Sport et littérature 
Par Éric Cénat

Au sein du théâtre de l'Imprévu, à travers divers projets, j'ai souhaité dresser un pont entre sport et littérature, entre sport et Histoire, en reliant ainsi les grands exploits des athlètes aux belles pages des écrivains, en replaçant le fait sportif dans un contexte historique précis.

De 1999 à 2003, le Théâtre de l'Imprévu a ainsi donné à travers la France plus de soixante représentations du spectacle : Les Forçats de la route Tour de France 1924 (mise en scène Jacques David avec Éric Cénat et Frédéric Maurin) d'après les chroniques d'Albert Londres dans Le Petit Parisien.

Pour succéder à la verve et l'intensité dramatique de la plume d'Albert Londres, j'ai ensuite pensé, en tant que lecteur assidu de littérature vélocipédique et du journal... L'Equipe, à Antoine Blondin qui symbolise par sa personnalité peu conventionnelle ce que je cherchais : à savoir une retranscription parfaitement subjective du fait sportif où se mêlent humanisme et humour... Fin connaisseur de l'auteur d'Un Singe en hiver et de Monsieur jadis, lui aussi amoureux transi de la petite reine, l'écrivain Patrice Delbourg ma rejoint en 2003 dans une nouvelle aventure sportivo-littéraire (ou littéraro-sportive !) en rédigeant diverses évocations de l'ami Antoine qu'il a côtoyé à maintes reprises . Est née ainsi le concept du spectacle bien nommé L'ironie du sport.

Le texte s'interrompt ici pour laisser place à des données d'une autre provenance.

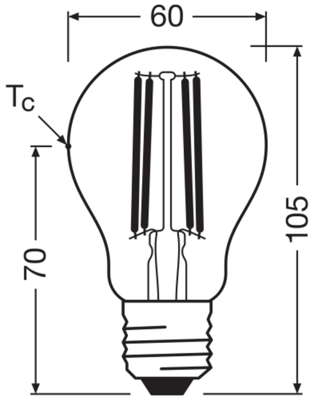 Lampes LED gradables, forme d'ampoule classique, CLASSE D'EFFICACITÉ ÉNERGÉTIQUE A. Caractéristiques du produit: Lampes LED disponibles pour tension secteur. Efficacité lumineuse : jusqu'à 210 lm/W. Ouverture du faisceau : jusqu'à 300°. Très longue durée de vie allant jusqu'à 30 000 heures. Nombre de cycles de commutation extrêmement élevé 500 000. Gradable. Avantages du produit: Lampes avec technologie de « filament » LED innovante. Faible consommation d'énergie. Conception, dimensions, flux lumineux comparables à une lampe halogène. Allumage instantané. Effets de scintillement et stroboscopiques réduits. Zones d'application: Idéal pour les installations décoratives. Applications domestiques. Éclairage général. Utilisation en extérieur uniquement dans des luminaires d'extérieur appropriés. Conseils de sécurité: Ne touchez pas la lampe si elle est cassée.. Ne doit pas être utilisé si l'ampoule extérieure est défectueuse..

Travaillant régulièrement depuis 2007 en République Tchèque, je me suis forcément intéressé aux grands symboles du sport tchèque. Peu porté par mon éducation française vers le hockey ou le floor ball, mon attention s'est rapidement orientée sur deux figures incontournables : le footballeur Antonin Panenka et le coureur de Fond Emile Zatopek. Si j'ai rencontré, par le plus grand des hasards, le premier à Prague, le second s'est présenté à moi par ce magnifique livre de Jean Echenoz : Courir. L'auteur dresse ici un portrait des plus touchants de cet homme à la fois simple et exceptionnel, à la foule infatigable, saccadée et déhanchée : "la locomotive humaine", tel était son surnom ! Mais c'était avant tout un acteur de son temps qui a connu, sans jamais perdre son âme, l'invasion allemande, la libération et l'oppression soviétique, un atlète qui, par plaisir, par orgueil, par acharnement, a atteint l'Olympe.